WORK TO COMPLETE: Starting at the first line of the material below, retype each line exactly until you reach the line with "お申し込みはこちら:http", which is also included; pictures stay out.

*** Opening of DATA ***

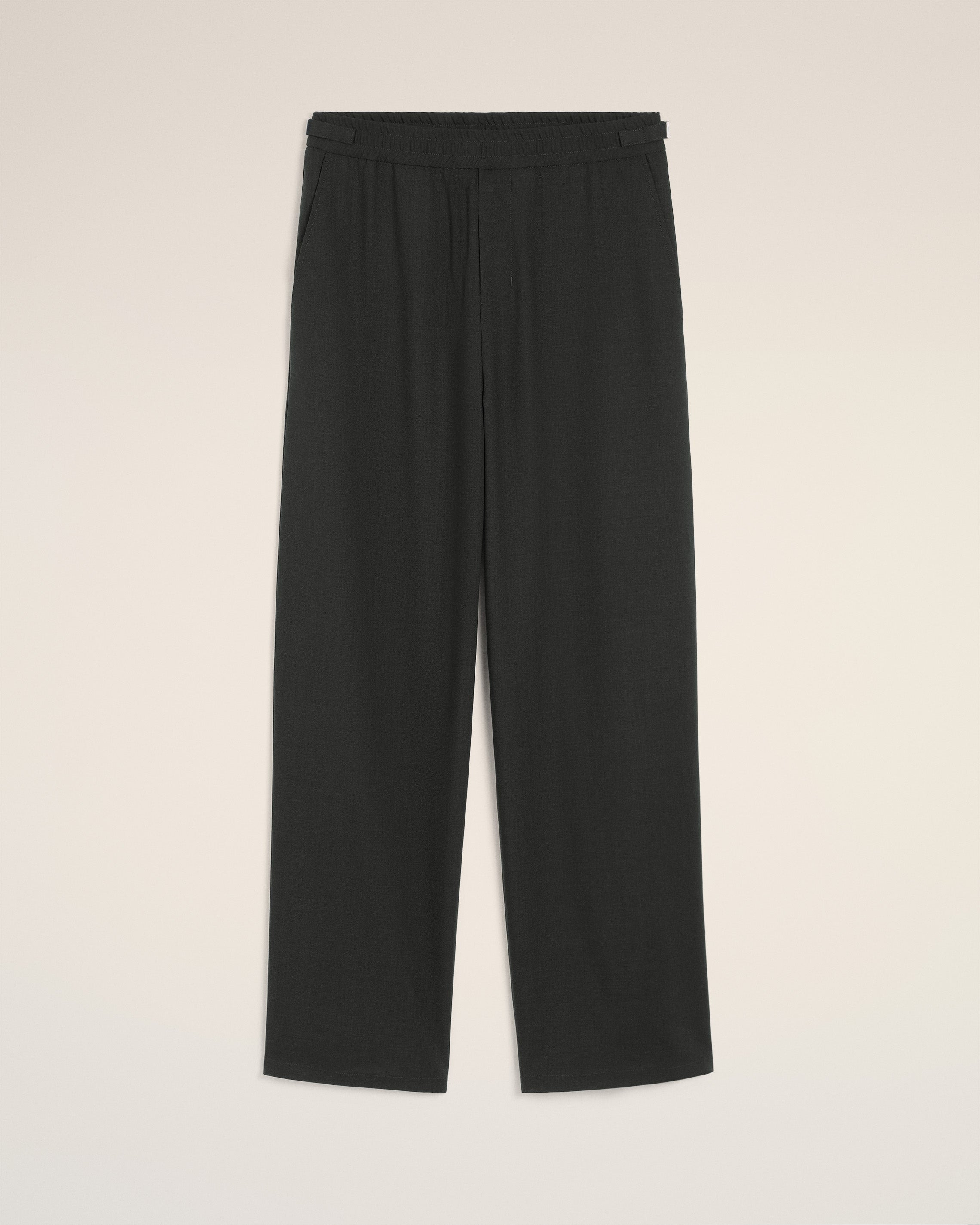 Elasticated trousers in light wool twill. Elasticated waist Zipped fly Patch pockets on the back Ami de Coeur rivet on the back pocket Straps with buckle in nickel color 28 cm bottom leg width (size M) Made in Portugal (with love) REF: HTR827.WV0066.020 SIZE & FIT Fits true to size. Take your normal size. Model is 185 cm / 6"1 and is wearing a size M. COMPOSITION & CARE GUIDE Main Material : 100% New Wool Do not wash Chlorine prohibited Do not tumble dry Medium iron Dry clean possible
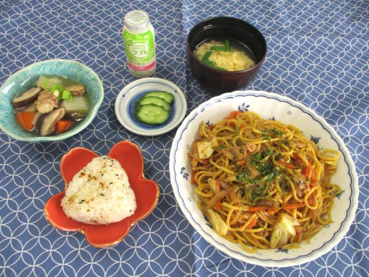 おにぎり、焼きそば、たまごとニラのスープ、かぶと帆立の煮物、きゅうり漬、ラブレ
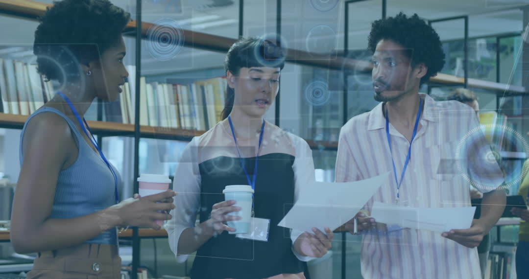 Multiracial team engaging in a brainstorming session with overlaying digital elements symbolizing innovation and modern communication. They hold coffee cups, reflecting a collaborative and dynamic working atmosphere. Ideal for illustrating concepts of teamwork, diversity, and futuristic technology in workplace settings or for materials on corporate innovation and agile methodology.
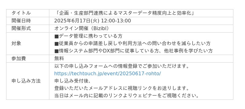 お申し込みはこちら:https://techtouch.jp/event/20250617-rohto/
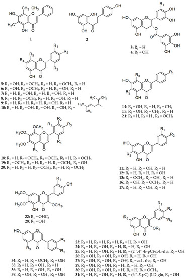 A study conducted by [64] showed that sub-inhibitory concentrations (0.25 × MIC) of the flavanones eriodictyol-7,4′-dimethyl ether (5) and naringenin-4′-methyl ether (8) isolated from Chromolaena odorata decreased the MIC of the universal efflux pump substrate EtBr against MRSA clinical isolates and the reference MRSA strain ATCC 33591 by 4- or 8-fold. Therefore, these compounds exceeded the enhancing effect of a concentration of 50 mg/L reserpine, which is a common inhibitor of S. aureus efflux pumps. The chalcone 2′,4-dihydroxy-4′,5′,6′-trimethoxychalcone was only active against the clinical isolates, and therefore not included in Table 1. Mutually tested flavonols like methyl ethers of quercetin and kaempferol showed no efflux pump inhibitory activity. The MIC of EtBr against a methicillin-sensitive S. aureus strain was not changed or was just changed twofold in combination with the two effective flavanones [64]. Another flavanone, pinocembrin (9), isolated from Alpinia katsumadai seeds, showed increased EtBr accumulation at 64 mg/L, comparable to CPZ in M. smegmatis, but was less effective than CPZ in the EtBr efflux assay [50]. The same compound was also obtained from Alpinia calcarata, but could not prove its EtBr efflux inhibitory effects in S. aureus 1199B when compared to the corresponding wild type strain S. aureus 1199 and the NorA knockout mutant K1758 [65]. Sophoraflavanone G (10) showed a synergistic effect when combined with norfloxacin against the NorA overexpressing S. aureus 1199B (16-fold reduction in the MIC of norfloxacin), which could be confirmed by an EtBr efflux experiment. Even more interestingly, this increased norfloxacin sensitivity could be confirmed in vivo [66], supporting the concept of EPI to be applied in combination with known antibiotics in infectious diseases.

*** Close of DATA ***

PROBLEM SOLUTION:
 Elasticated trousers in light wool twill. Elasticated waist Zipped fly Patch pockets on the back Ami de Coeur rivet on the back pocket Straps with buckle in nickel color 28 cm bottom leg width (size M) Made in Portugal (with love) REF: HTR827.WV0066.020 SIZE & FIT Fits true to size. Take your normal size. Model is 185 cm / 6"1 and is wearing a size M. COMPOSITION & CARE GUIDE Main Material : 100% New Wool Do not wash Chlorine prohibited Do not tumble dry Medium iron Dry clean possible
 おにぎり、焼きそば、たまごとニラのスープ、かぶと帆立の煮物、きゅうり漬、ラブレ
 Multiracial team engaging in a brainstorming session with overlaying digital elements symbolizing innovation and modern communication. They hold coffee cups, reflecting a collaborative and dynamic working atmosphere. Ideal for illustrating concepts of teamwork, diversity, and futuristic technology in workplace settings or for materials on corporate innovation and agile methodology.
 お申し込みはこちら:https://techtouch.jp/event/20250617-rohto/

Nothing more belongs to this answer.